Animal rights group releases “hidden-camera” footage that reveals cruelty in Kentucky poultry farms

Mercy For Animals released the bombshell footage in opposition to the Republican-sponsored Senate Bill 16

By Joy Saha

Staff Writer

Published April 2, 2024 12:35PM (EDT)

Chickens gathered for water. (Edwin Remsberg/VW Pics/Universal Images Group via Getty Images)
Chickens gathered for water. (Edwin Remsberg/VW Pics/Universal Images Group via Getty Images)

On Monday, an animal rights group released footage from a “hidden-camera investigation,” alleging Kentucky poultry factory farms of cruel treatment of chickens. Footage from the investigation was released in opposition to a so-called anti-animal rights bill recently approved by the Kentucky legislature, the group said.

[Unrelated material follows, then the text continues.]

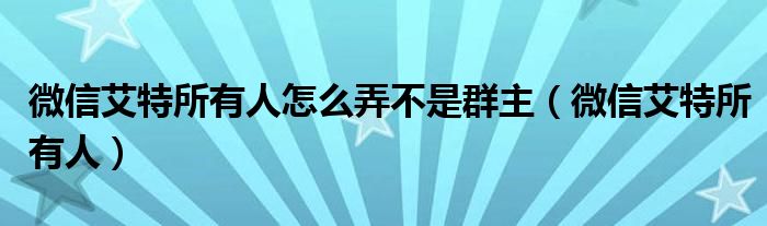 微信艾特所有人怎么弄不是群主(微信艾特所有人)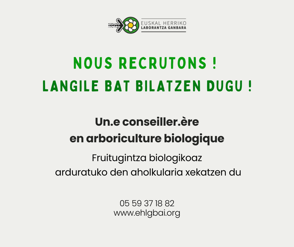 EHLGk urteko diru-biltze kanpaina abiatzen du! EHLG anemptytextlline 14 urria, 2025 LAN ESKAINTZA | Fruitugintzaz arduratuko den aholkurari teknikaria EHLG anemptytextlline 9 urria, 2025 Gaztainondo manaketa EHLG anemptytextlline 30 iraila, 2025 Les filières collectives paysannes, créatrices de valeur ajoutée sur... EHLG anemptytextlline 2 iraila, 2025 KLISKA 2025 - Argazki lehiaketa, jende guziarentzat EHLG anemptytextlline 11 uztaila, 2025 LAN ESKAINTZA | Administrazio eta finantza kudeatzailea EHLG anemptytextlline 11 ekaina, 2025 LAN ESKAINTZA | Agronomia eta landare ekoizpenetaz arduratuko den... EHLG anemptytextlline 14 apirila, 2025 LAN ESKAINTZA | Hazkuntzaz arduratuko den animatzailea EHLG anemptytextlline 14 apirila, 2025 LAN ESKAINTZA : laborantza instalazioaz arduratuko den animatzailea EHLG anemptytextlline 27 martxoa, 2025 Bere erretreta eta etxaldearen segida uztea prestatu EHLG anemptytextlline 13 martxoa, 2025 2025ko PAC primak : teledeklarazioa egin EHLG anemptytextlline 3 martxoa, 2025 Aide au maintien Petites Fermes EHLG anemptytextlline 11 otsaila, 2025 LAN ESKAINTZA EHLG anemptytextlline 4 otsaila, 2025 LAN ESKAINTZA EHLG anemptytextlline 7 urtarrila, 2025 Déclarez votre aide ovine/caprine avant le 31 janvier 2025 EHLG anemptytextlline 6 urtarrila, 2025 PCAE - PME Plan de Modernisation des Élevages 2025 EHLG anemptytextlline 12 abendua, 2024 LAN ESKAINTZA | Tokiko ekoizpen sailetaz arduratuko den animatzaile... EHLG anemptytextlline 18 urria, 2024 EHLG-ren aldeko emaitza deialdi kanpaina : orain da ! EHLG anemptytextlline 18 urria, 2024

Mercy For Animals — a California-based nonprofit that seeks to “end industrial animal agriculture by constructing a just and sustainable food system” — published a video in which workers are seen kicking, stepping, throwing and stuffing chickens into cages for transport. In a separate video shared with the Kentucky Lantern, the group appears to show and locate the poultry houses, which they described as contract farms. The farms provide chickens to Pilgrim’s Pride, one of the largest chicken producers in the United States.

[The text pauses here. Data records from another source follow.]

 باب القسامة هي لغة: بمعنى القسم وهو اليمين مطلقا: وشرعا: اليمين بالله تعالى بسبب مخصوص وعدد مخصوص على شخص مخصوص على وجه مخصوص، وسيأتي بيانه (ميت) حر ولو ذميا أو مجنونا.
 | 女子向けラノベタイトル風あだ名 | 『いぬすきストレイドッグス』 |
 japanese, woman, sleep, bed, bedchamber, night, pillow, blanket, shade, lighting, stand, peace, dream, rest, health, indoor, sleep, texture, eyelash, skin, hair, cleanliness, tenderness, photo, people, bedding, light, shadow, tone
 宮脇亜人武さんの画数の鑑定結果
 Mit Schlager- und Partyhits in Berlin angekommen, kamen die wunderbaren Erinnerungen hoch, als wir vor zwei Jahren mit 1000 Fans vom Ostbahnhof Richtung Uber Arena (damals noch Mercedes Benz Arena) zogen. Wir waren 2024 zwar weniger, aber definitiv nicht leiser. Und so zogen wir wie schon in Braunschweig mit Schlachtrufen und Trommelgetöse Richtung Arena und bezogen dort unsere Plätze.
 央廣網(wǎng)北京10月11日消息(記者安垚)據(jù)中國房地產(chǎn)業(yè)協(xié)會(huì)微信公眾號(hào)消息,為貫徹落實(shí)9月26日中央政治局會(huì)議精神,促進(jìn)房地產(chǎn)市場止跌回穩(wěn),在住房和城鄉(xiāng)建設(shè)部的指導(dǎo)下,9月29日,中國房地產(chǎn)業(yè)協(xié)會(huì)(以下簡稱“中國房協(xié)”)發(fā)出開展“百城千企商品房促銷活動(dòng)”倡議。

Mercy For Animals is protesting Senate Bill 16, which aims to criminalize the use of any recording equipment (drones, cameras, video recorders, audio recorders etc.) inside concentrated animal feeding operations (CAFOs) and commercial food processing and manufacturing plants without consent from the operation's owner. The bill would also criminalize the distribution of such footage at food processing plants or CAFOs. However, it does make exceptions for utility workers along with state and federal law enforcement and regulators.

Critics of the bill have blasted SB 16 as “dangerous legislation” that fails to penalize mass corporations for their cruel treatment of animals, workers and consumers.